Object storage (S3) cross-region replication:
  Per-object replication fee: $0.015 per 1,000 objects
  Plus: storage in both regions
  Plus: data transfer fees

For read-only replicas in other regions (analytics workloads):
  DMS or pglogical replication: simpler and cheaper than full multi-region

Chaos Budgets: Trading Money for Confidence

Redundancy is an insurance policy. The premium is ongoing infrastructure cost; the payout is surviving failures without downtime. Size your insurance to your actual risk:

Risk matrix for a B2B SaaS:
  Application server failure (weekly): N+1 handles → no downtime
  Database failure (monthly): Multi-AZ → 60s downtime
  AZ failure (yearly): Multi-AZ → handled
  Region failure (multi-year): accept the risk OR pay for multi-region

Cost to handle each:
  N+1 app servers: +50% app server cost
  Multi-AZ DB: +$140/month (2x RDS)
  Multi-region: +$2,000/month (full replica)
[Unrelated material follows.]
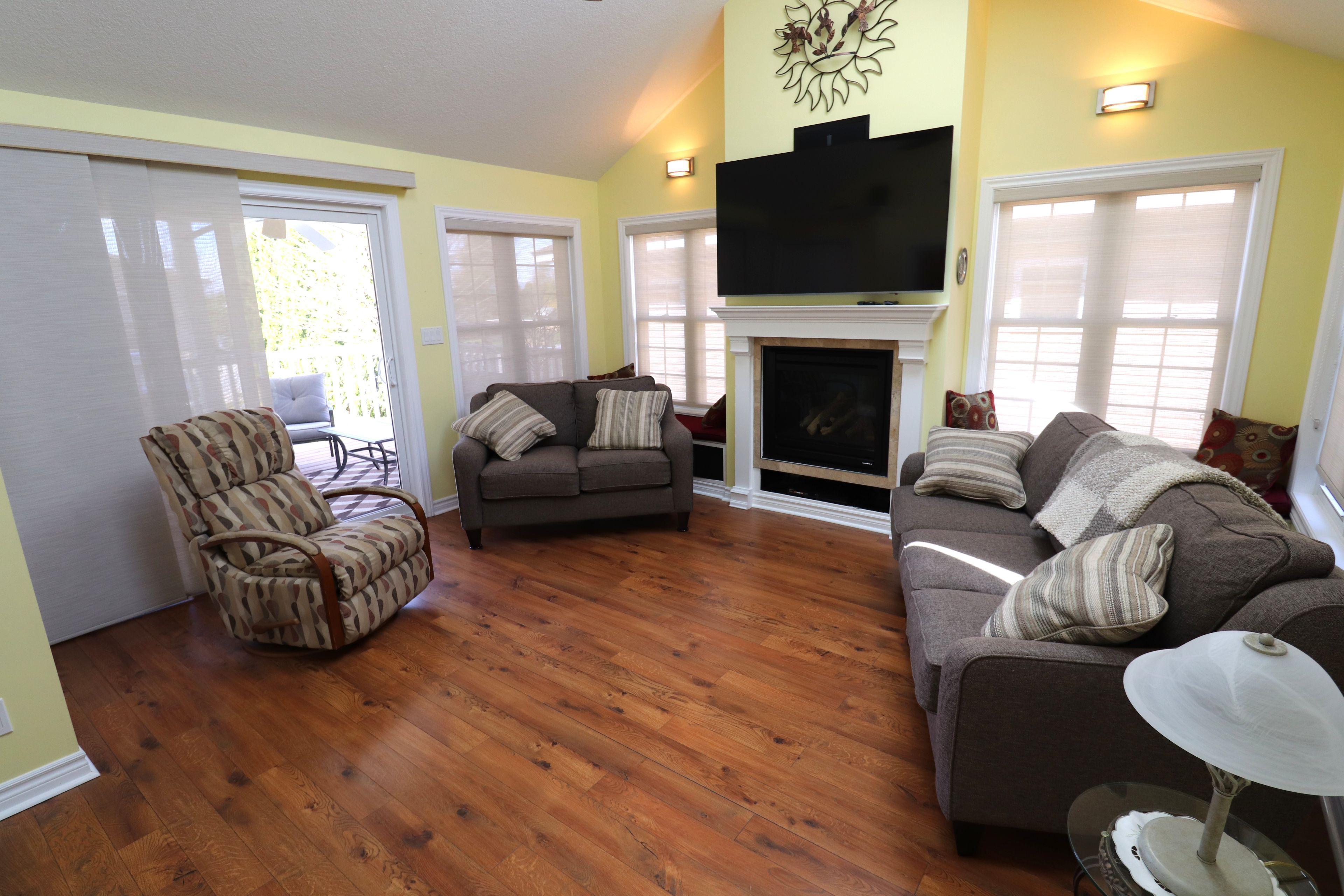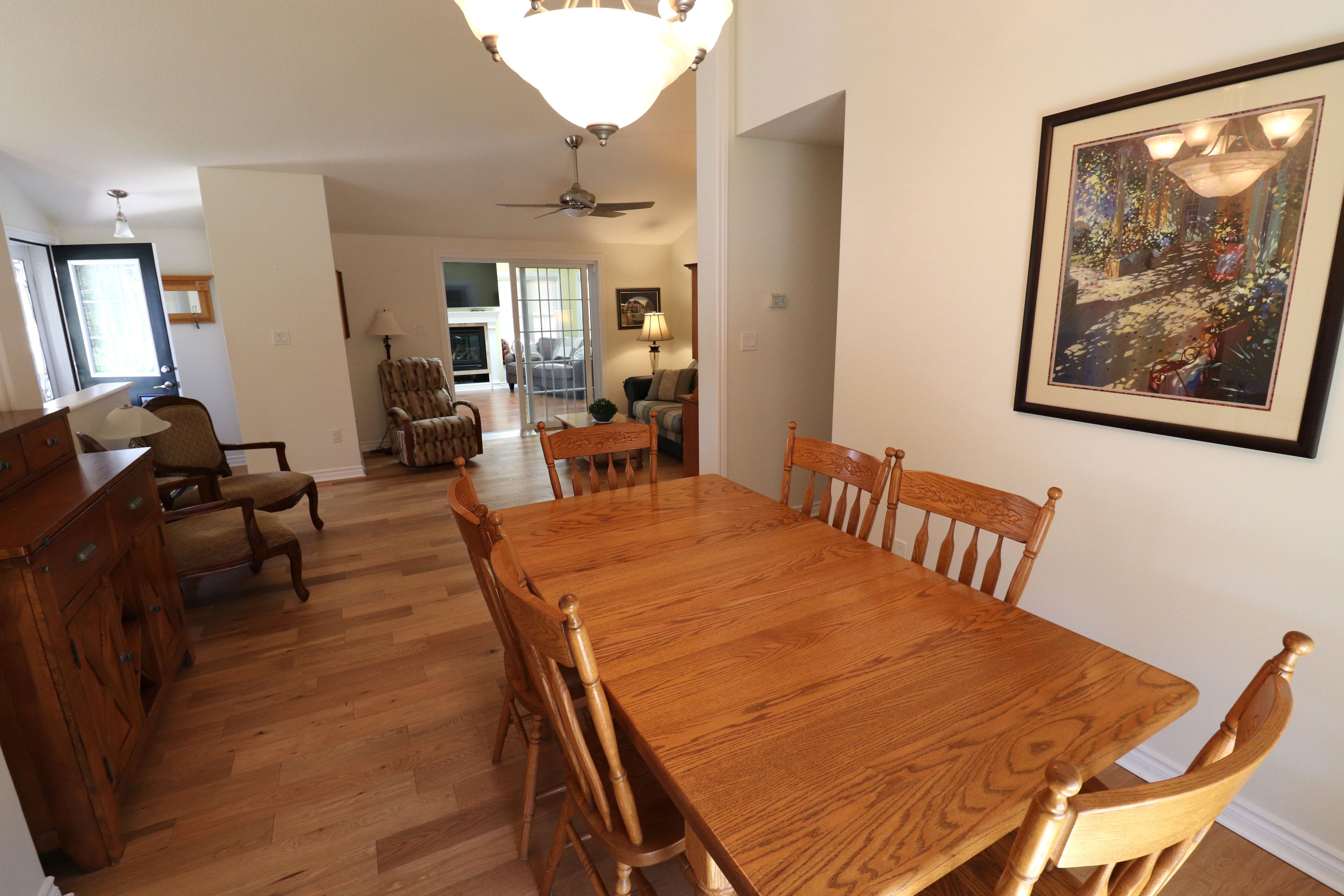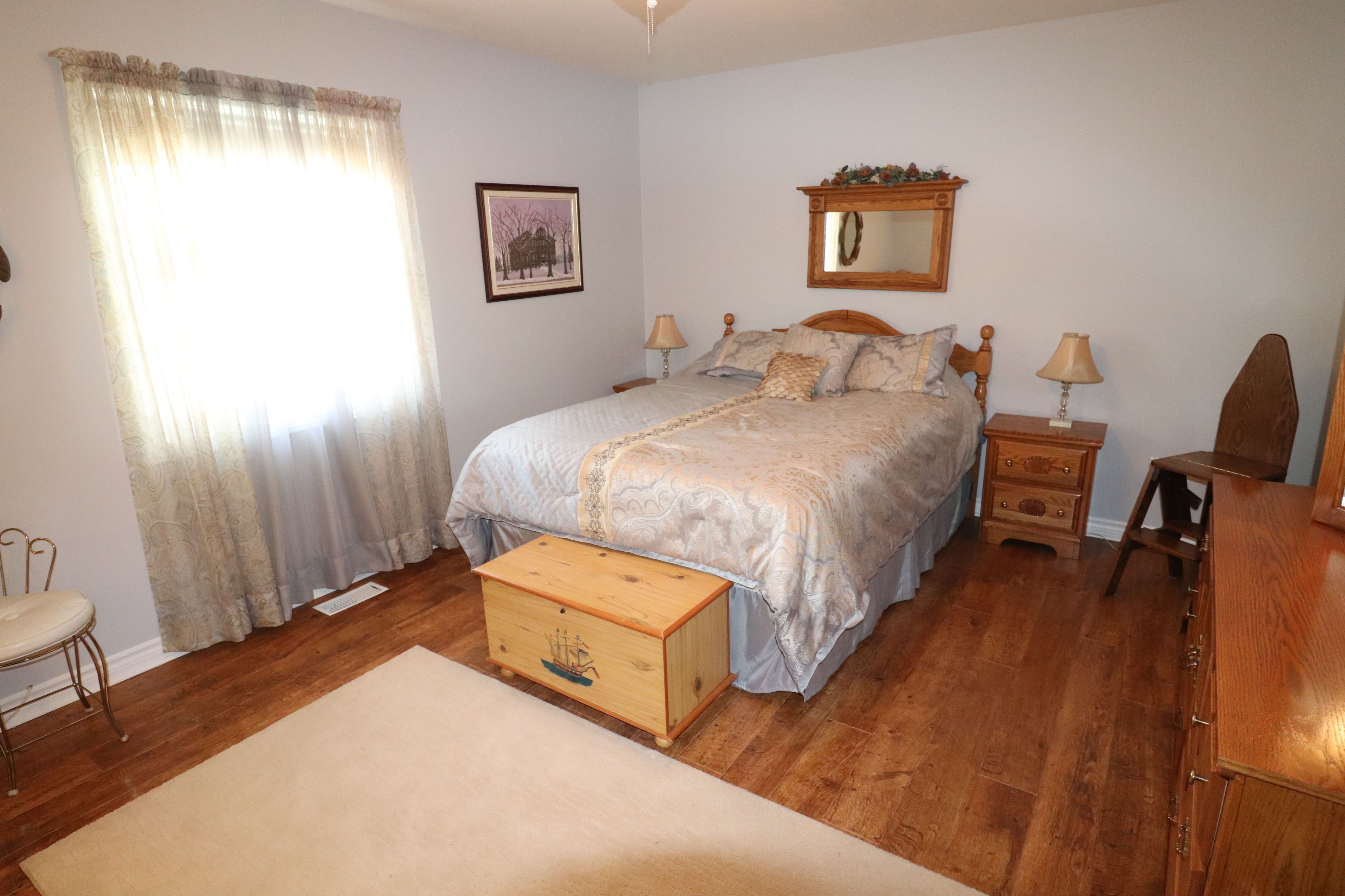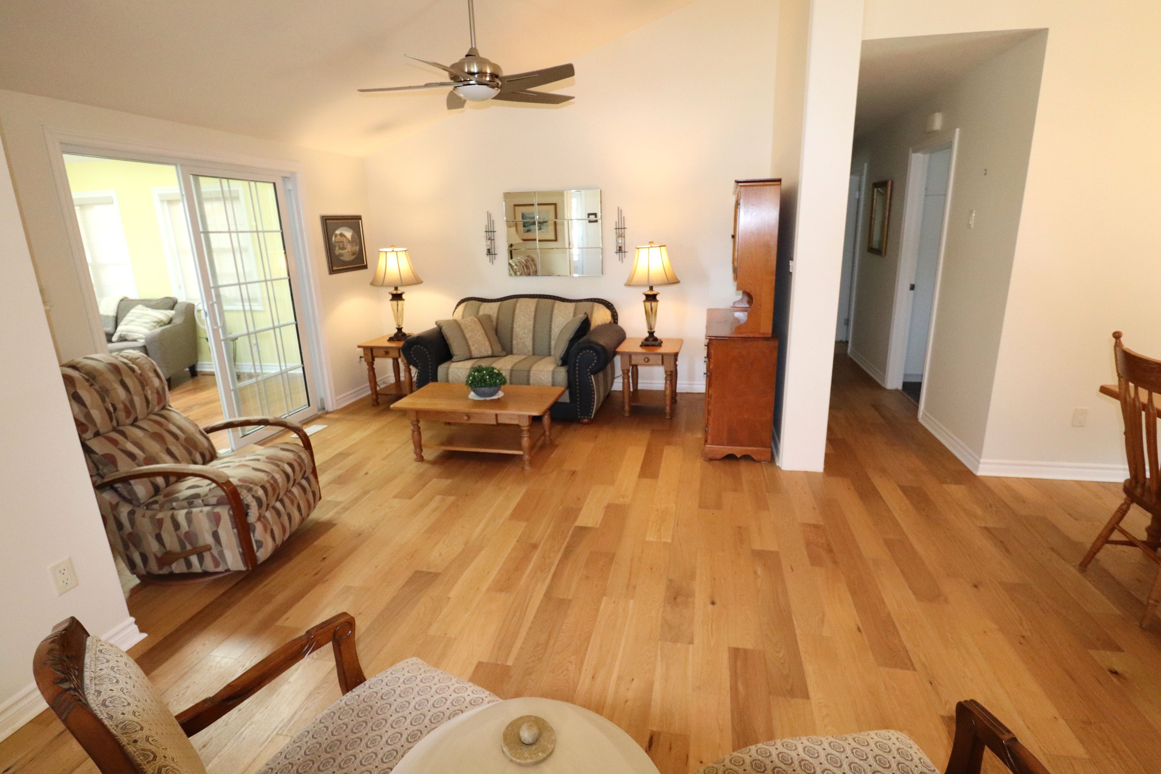 Amazing location! This stunning royal home is situated on one of the best lots at meneset on the lake, an adult lakefront community located just minutes north of goderich. This fabulous home offers a partial seasonal lakeview and is located across the road from a forested area and path leading to the community's beachfront area! As you walk up to the inviting covered front porch, you will know you have found your new home! Step inside and you will be very impressed with the spacious interior including cathedral ceilings and gorgeous wood flooring. The impressive kitchen features newer premium appliances, an abundance of cabinets and several windows for lots of natural light. There is also a formal dining room, living room and stunning family room addition with cathedral ceiling, skylights and natural gas fireplace! Down the hall from the main living area is a laundry room with sink and primary bedroom with 3 pc en-suite bath and walk in closet. There is a spacious second bedroom as well. At the back of the home there is a deck for grilling, concrete patio, private fenced area and large shed/workshop. Services include forced air gas heating, central a/c, high speed internet and whole home generator. An added bonus is the entire roof was replaced in 2022 with long lasting metal. This is a great opportunity to acquire a beautiful home in a very desirable land lease community, complete with its very own club house and recreational activities! If that is not enough, several golf courses, walking trails and lots of shopping are available nearby in the prettiest town of canada!

Acceptable risk decision: cover everything up to AZ failure, accept region failure.
Total redundancy cost: ~$350/month

Operational Cost of Redundancy

Hardware cost is visible. Operational cost is not:

Complexity tax:

• More components to monitor
• More failure modes to test
• More runbooks to write and maintain
• Failover procedures to practice quarterly

Testing debt: Untested failover fails at the worst moment. Add chaos testing (chapter in chaos-resilience) and game days. Budget 1-2 engineer-days per quarter for HA testing.

The simplicity premium: Many teams run their production on 2 app servers + managed DB + managed Redis. Simple to reason about, fast to fix when something breaks, cheap to operate. Add complexity only when the math above shows it pays off.